Required action:
Reproduce only this stretch of the listing below: from the line with "clean, minimalist silhouette" through the line with "Movimiento japonés: 3", exactly as written, with pictures excluded.

Records provided:
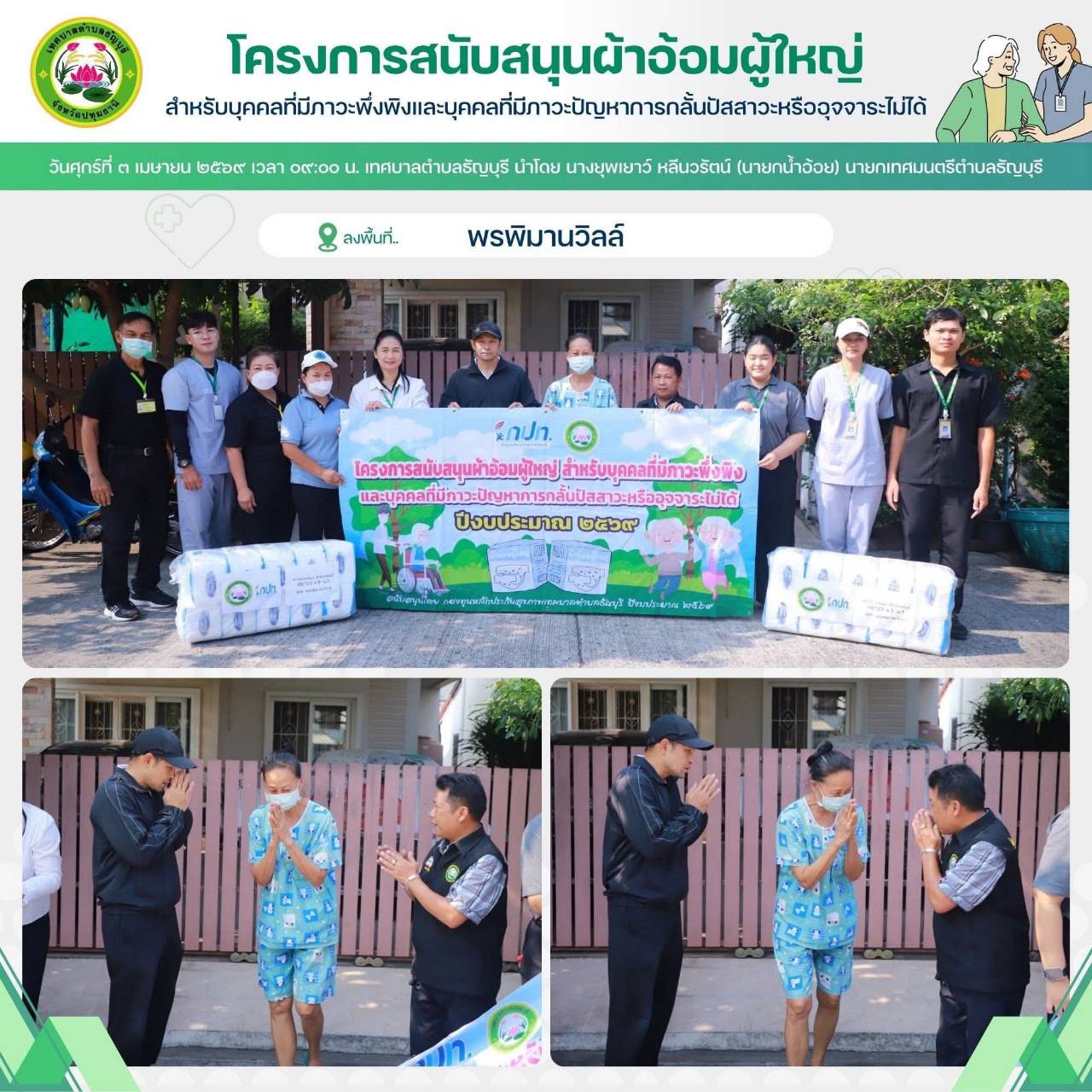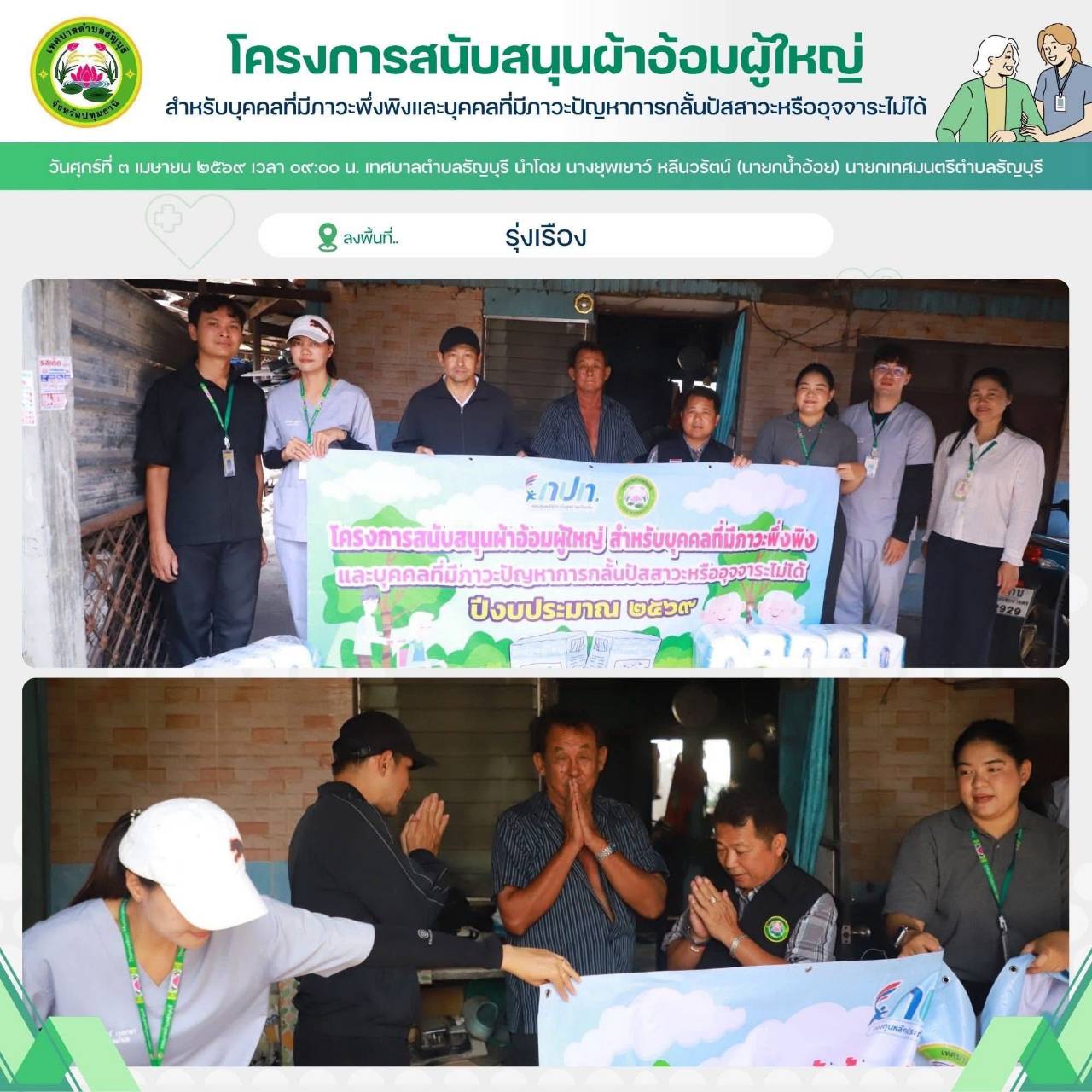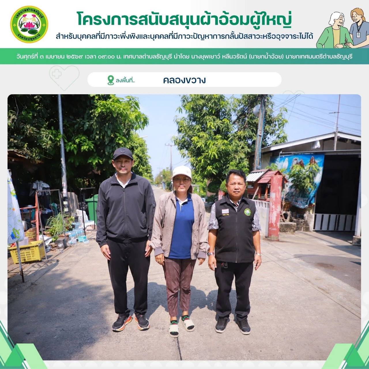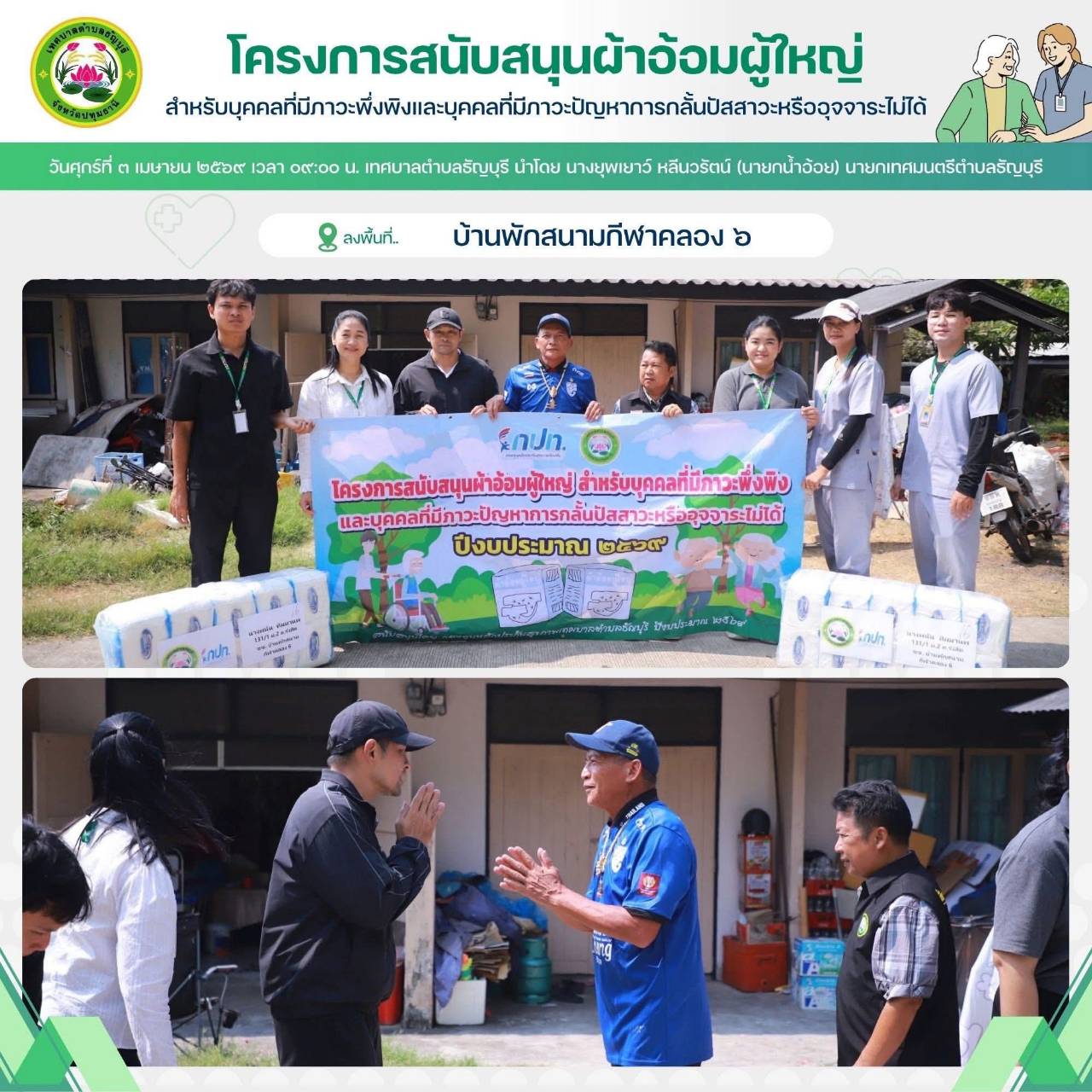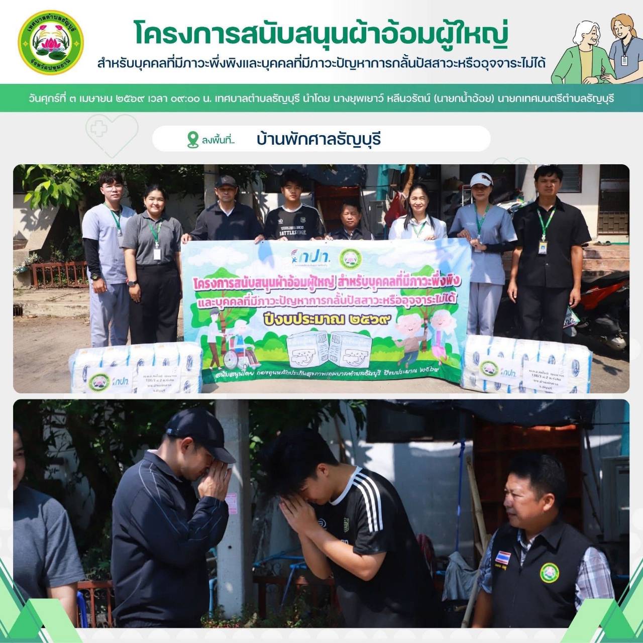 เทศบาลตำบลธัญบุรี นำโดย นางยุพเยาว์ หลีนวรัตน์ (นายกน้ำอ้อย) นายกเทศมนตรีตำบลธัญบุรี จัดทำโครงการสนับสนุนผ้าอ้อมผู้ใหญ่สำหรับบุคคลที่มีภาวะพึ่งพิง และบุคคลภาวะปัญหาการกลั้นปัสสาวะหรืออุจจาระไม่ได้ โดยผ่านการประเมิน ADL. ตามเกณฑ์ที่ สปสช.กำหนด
---
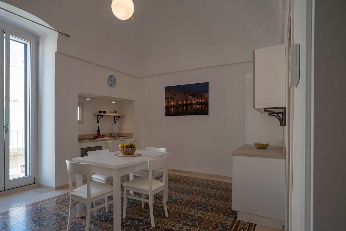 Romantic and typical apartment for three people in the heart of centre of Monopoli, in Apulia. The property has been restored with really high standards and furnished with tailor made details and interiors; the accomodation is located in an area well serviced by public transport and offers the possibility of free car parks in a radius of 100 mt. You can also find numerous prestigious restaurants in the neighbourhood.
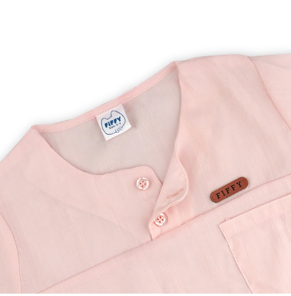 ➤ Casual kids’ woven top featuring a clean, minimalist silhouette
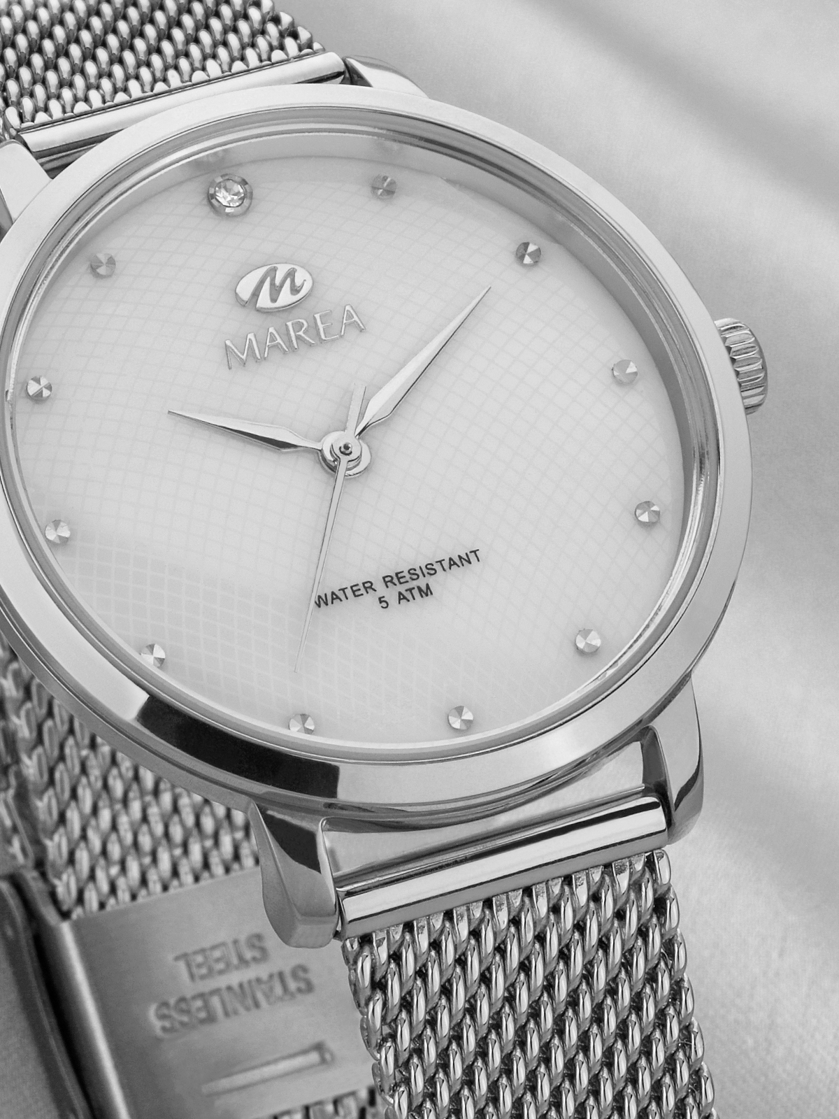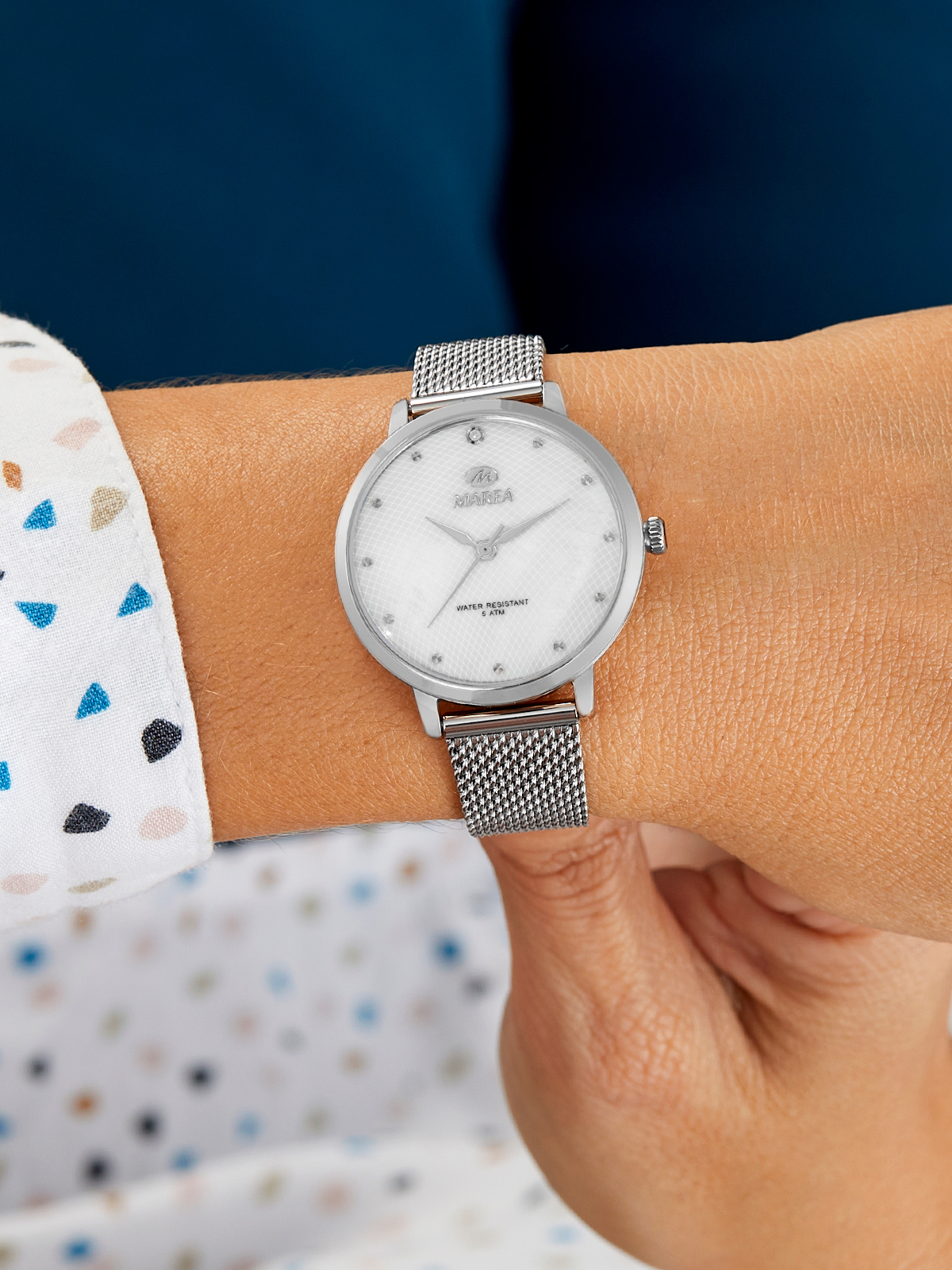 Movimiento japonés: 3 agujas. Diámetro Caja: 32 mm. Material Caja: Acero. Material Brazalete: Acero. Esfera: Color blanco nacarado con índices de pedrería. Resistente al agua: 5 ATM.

Exercise solution:
 ➤ Casual kids’ woven top featuring a clean, minimalist silhouette
 Movimiento japonés: 3 agujas. Diámetro Caja: 32 mm. Material Caja: Acero. Material Brazalete: Acero. Esfera: Color blanco nacarado con índices de pedrería. Resistente al agua: 5 ATM.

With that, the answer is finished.